Datafable / epu-index

EPU index

http://www.applieddatamining.com/cms/?q=content/economic-policy-uncertainty-index

1 stars 0 forks source link

Text of old articles looks cleaned #55

Closed bartaelterman closed 9 years ago

bartaelterman commented 9 years ago

The text of the articles I got that needed to get migrated in the app looks cleaned. It contains no punctuation marks at all. Is this required for newly scraped articles?

bartaelterman commented 9 years ago

I found separate Python scripts using CLipS' pattern.nl module. Maybe this library was used to map words to their lemma's.

bartaelterman commented 9 years ago

Other option: the stripText method in the AbstractCrawler class of the old scrapers uses a Jsoup.parse method. If I look at the documentation that would parse input such as:

"<p>An <a href='http://example.com/'><b>example</b></a> link.</p>"

into

An example link

And hence drops the period at the end of the sentence.

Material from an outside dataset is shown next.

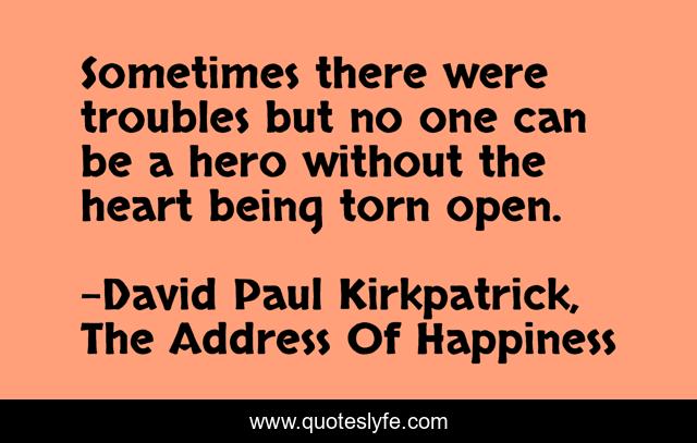 This page presents the quote "Sometimes there were troubles but no one can be a hero without the heart being torn open.". Author of this quote is David Paul Kirkpatrick, The Address Of Happiness. This quote is about trouble, hero,.
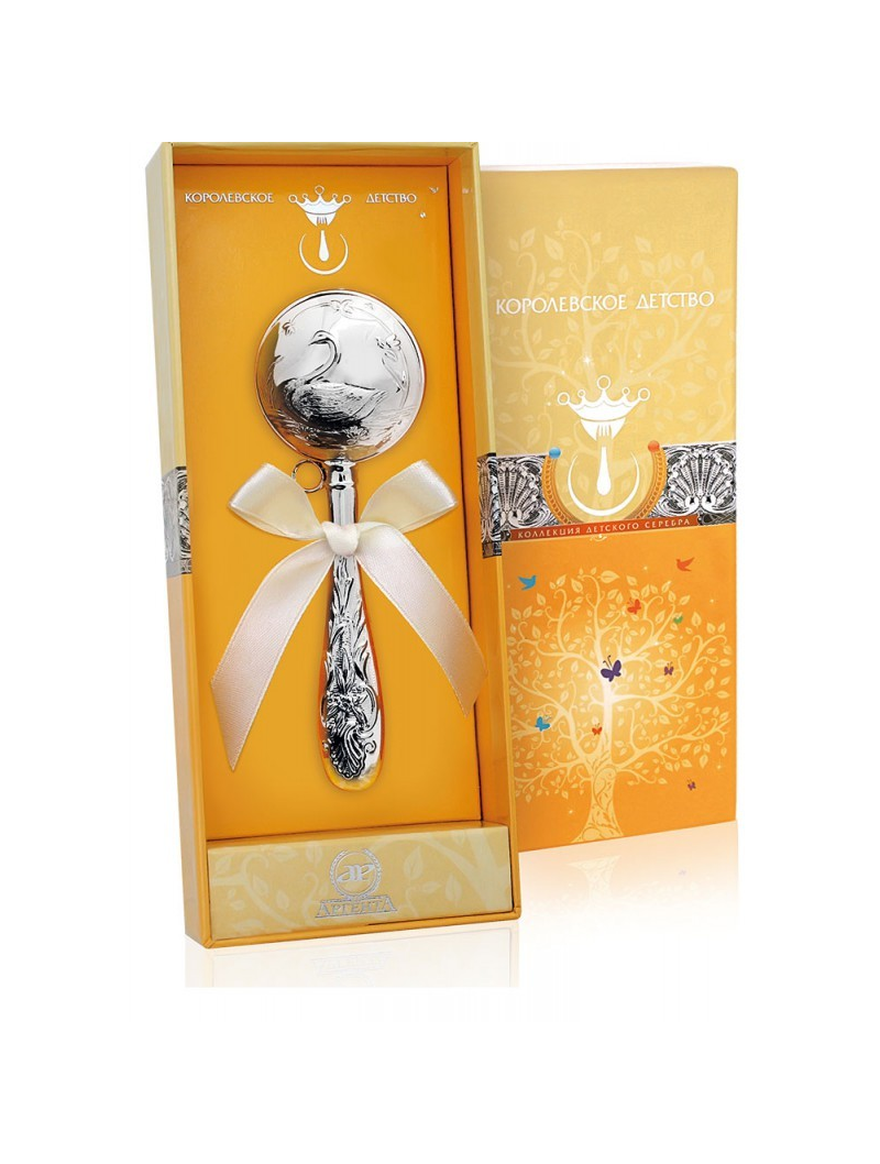 Серебряная погремушка "Лебедь" украшена фигуркой изящной птицы - символом любви, а рукоятка изделия декорирована растительными узорами, что придает особенно изысканный вид. Материалом погремушки послужило высококачественное серебро пробы 925. Благодаря нейтральному рисунку, погремушка подойдёт и мальчику, и девочке. Игрушка входит в коллекцию "Королевское детство" и упакована в жёлтый подарочный футляр. Изделие станет по-настоящему культовым подарком для ребенка.

bartaelterman commented 9 years ago

Text will be cleaned like this:

        cleaned_text = ' '.join(re.findall('\w+', intext, flags=re.UNICODE)).encode('utf-8')

bartaelterman commented 9 years ago

Certain characters will need to be replaced by an ascii character. (such as ñ by n etc.).

bartaelterman commented 9 years ago

Will need a list from customer with all characters and replacements.